▶ Work item
Having located the line with "客厅整体材质上通过水泥自流平", print it and each remaining line exactly, stopping at the end of the material and omitting pictures.

▶ Raw data
+ + +
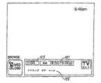 ブラウズ・モードにおいて、視聴者は、以前に選択したテレビプログラムを同時に引き続き視ながら、視ているチャンネルのみならず、すべてのチャンネルのプログラムスケジュール情報を走査することができる。図11に示すように、このモードにおいては、フリップ・モードで現れるグラフィックオーバーレイ情報はブラウズの対象となるチャンネルのプログラム情報に置き換えられる。その情報は視聴者が現在視ているチャンネルの情報であることもあり、他のチャンネルの情報であることもある。視聴者がブラウズ・モードに入るためにリモートコントローラ40から指令を発した後に、フリップ・モードの場合と同様に、グラフィックオーバーレイ111が現れ、現在選択されているチャンネル112のプログラムスケジュール情報及びテキスト形式のブラウズ表示部113が示される。これにより、図11に示されるように、視聴者に現在のアクティブ・モードを示す。  In the browse mode, the viewer can scan program schedule information for all channels, not just the channel being viewed, while continuing to watch a previously selected television program simultaneously. As shown in FIG. 11, in this mode, graphic overlay information appearing in the flip mode is replaced with program information of a channel to be browsed. The information may be information on a channel that the viewer is currently viewing, or information on other channels. After the viewer issues a command from the
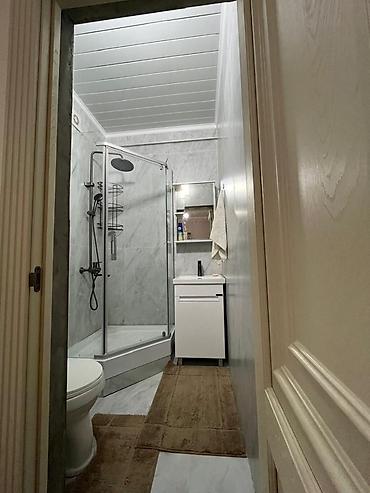 - Санузел совмещённый: душевой уголок с высоким поддоном и стеклянными створками, верхний тропический душ и ручная лейка, современная раковина‑тумба с зеркалом, унитаз. Отделка «под мрамор», потолок с панелями, точечное освещение.
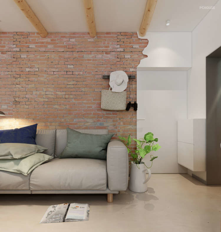客厅整体材质上通过水泥自流平,红砖,木地板,松木搭配出简单,放松得空间。取材自然,工艺精良,功能至上。崇尚极简,极简但不等于简陋,反而在选材时更加考究。座与电视台面相连,增加空间叠合利用。
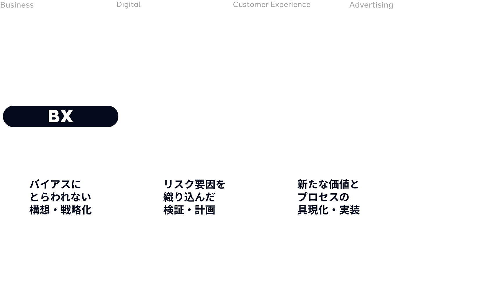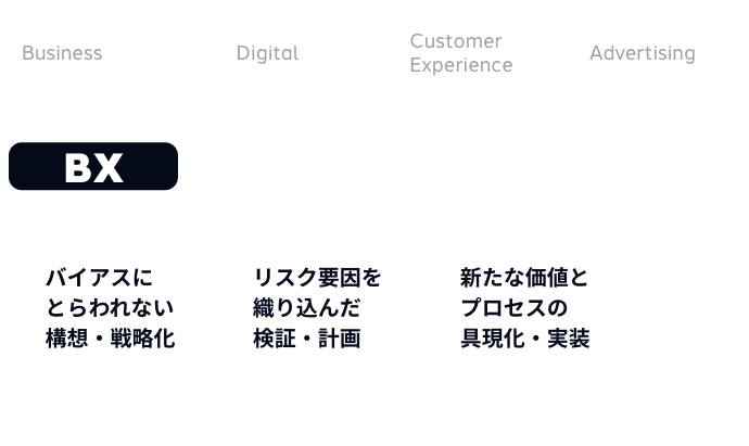 市場や業界特有のバイアスにとらわれず、顧客企業の事業資産を起点にその可能性を最大化し、トップラインの成長にコミットする戦略を立案します。
+ + +
▶ Answer section
客厅整体材质上通过水泥自流平,红砖,木地板,松木搭配出简单,放松得空间。取材自然,工艺精良,功能至上。崇尚极简,极简但不等于简陋,反而在选材时更加考究。座与电视台面相连,增加空间叠合利用。
 市場や業界特有のバイアスにとらわれず、顧客企業の事業資産を起点にその可能性を最大化し、トップラインの成長にコミットする戦略を立案します。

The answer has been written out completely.